District Attorney Jeff Rosen, Sheriff Laurie Smith and Supervisors Joe Simitian and Mike Wasserman have fought to change the rules so that Santa Clara County would cooperate with Immigration and Customs Enforcement (ICE) to keep violent criminals from returning to local communities. But questions of legality and opposition by immigrant rights advocates stood in the way.

Now Board of Supervisors President Dave Cortese is on record favoring notification of ICE before the county releases prisoners who are here illegally and who are violent or otherwise pose a threat to the public. That should create a board majority to adopt the policy — a positive change to protect citizens and noncitizens alike from predators.

Cortese said he will ask the county’s Bail and Release Working group to report to the board in August with a policy recommendation. The notification rule should put the county on the right side of this issue: not cooperating in deporting minor offenders but reporting people who are a danger to the community and have no legal right to be here.

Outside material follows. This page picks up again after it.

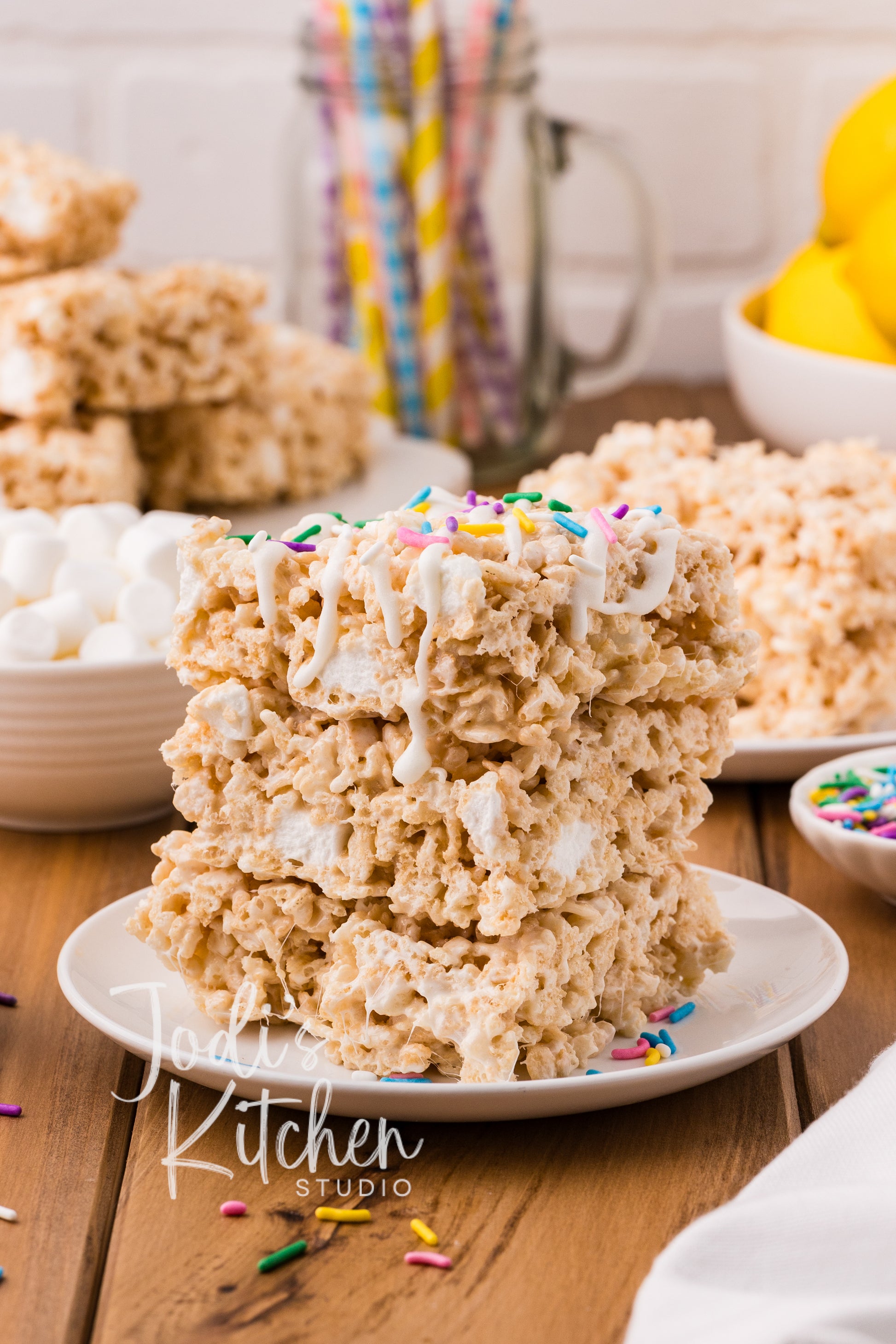 These Lemon Rice Crispy Treats are a fun twist on the classic treat. They combine the familiar buttery marshmallow base with a fresh burst of lemon, adding a light, citrusy pop to every bite. Soft, gooey, and full of flavor, they feel special without requiring any extra effort in the kitchen. Perfect for spring gatherings, casual get-togethers, or anytime you’re craving a simple dessert.

It is no panacea; Steinle’s slayer had been deported five times before San Francisco released him from custody. It’s still the right thing to do.

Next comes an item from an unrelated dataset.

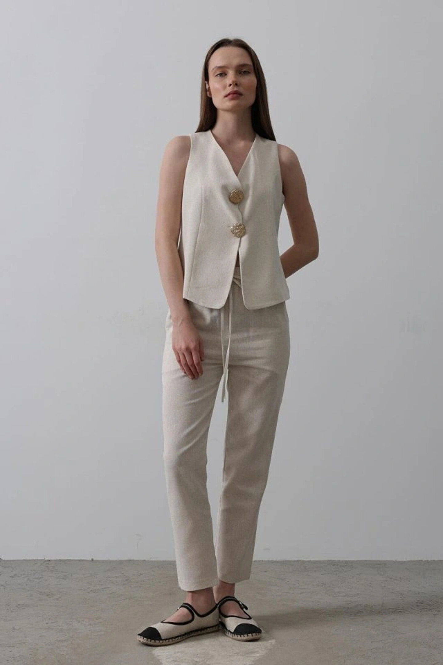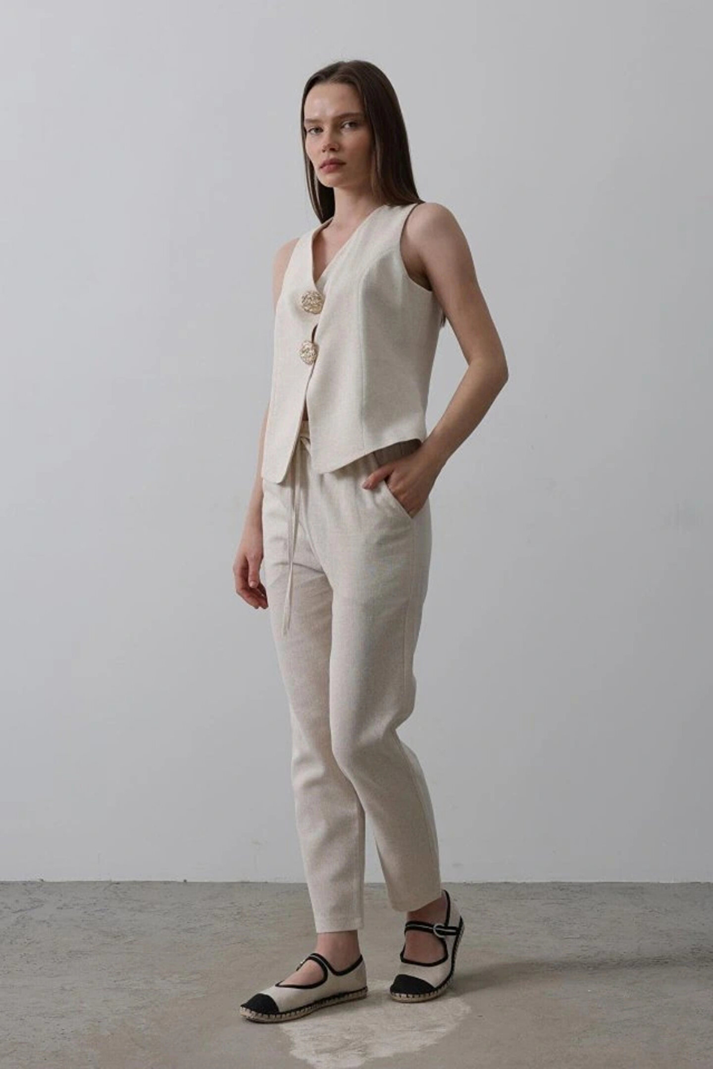 Düğme Detaylı Yelek - Krem

In Santa Clara County, the issue of immigration holds surfaced in 2011, when nearly 400 inmates — from minor offenders to violent predators — were sitting in county jail awaiting ICE action. The cost was outrageous, and the legality of holding people beyond their sentences was questioned. Something had to be done. But the county ended up with a policy that, in effect, was the same as San Francisco’s: Neither notifies ICE of pending releases, and neither holds inmates beyond their sentences at ICE’s request unless agents find out about the person independently and get a court order.

Simply notifying ICE when bad guys are about to be released always was an option for Santa Clara County. The effect will be the same from ICE’s perspective — time to come get violators. In March, the Department of Homeland Securityshifted its own policy from requesting holds to asking for notification.

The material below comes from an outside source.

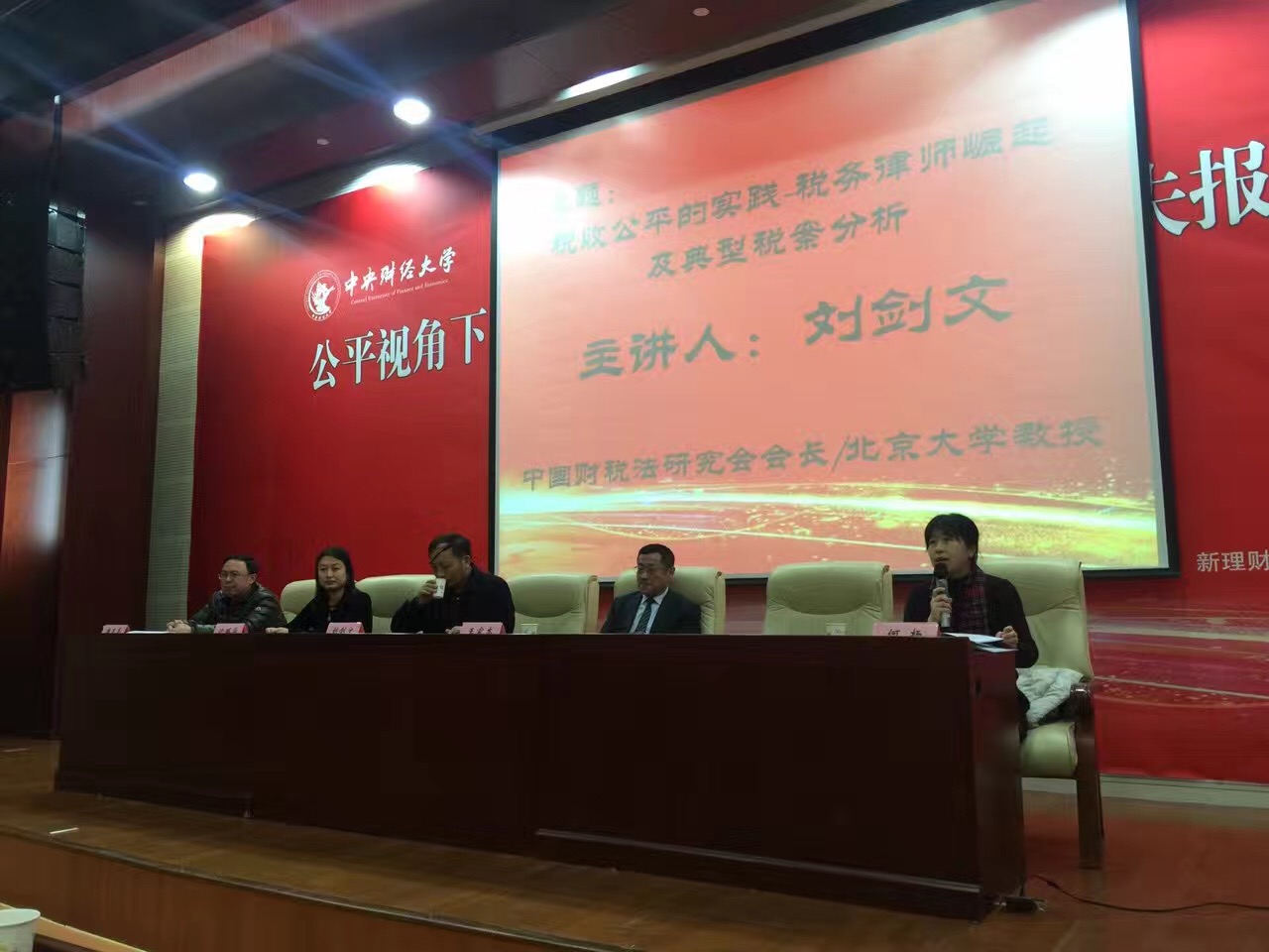 北京大学刘剑文教授就“中国的税务律师制度:定位、职能与业务范围”发表专题发言,他从税务律师的定位、国内外的发展状况等方面介绍了税务律师在中国的发展,并对我国税务律师的发展提出几点建议。国家税务总局常年法律顾问王家本律师就“纳税争议法律救济的程序问题”发表自己的观点。毕马威中国间接税税务合伙人沈瑛华女士从金融业、房地产业和跨境电商三个方面阐述增值税改革的公平性问题。北京京华瑞税务师事务所副所长周玉亮以一个房地产公司案例为示,阐述了税收风险的分析方法以及风险分析和核实。

Agreeing to this will be an ideological shift for the board majority, which was persuaded by immigrant advocates several years ago to not help ICE deport anyone, regardless of crimes. Cortese now says the legality of holding people beyond their sentences was the whole issue, and notification is fine with him.

San Jose and Santa Clara County police agencies for decades have distanced themselves from immigration enforcement in the interest of public safety. If residents who are here illegally or have friends or family in that status fear the local police, they won’t report crime or testify against criminals. The safety of the whole community would be compromised.

But some public officials, including DA Rosen, Sheriff Smith and San Jose Mayor Sam Liccardo, have argued for turning over dangerous criminals. They say their constituents, with or without visas, tell them they don’t want violent predators in their midst.

Supervisor Simitian tried in 2013 to persuade the board to at least hold the “worst of the worst” offenders for ICE, but only Wasserman joined him. Cortese, Cindy Chavez and Ken Yeager voted to stick with the current policy.

We hope that now, with Cortese’s leadership, the board will pass a fair notification policy. You never know. Someday, it might save the life of a Kathryn Steinle.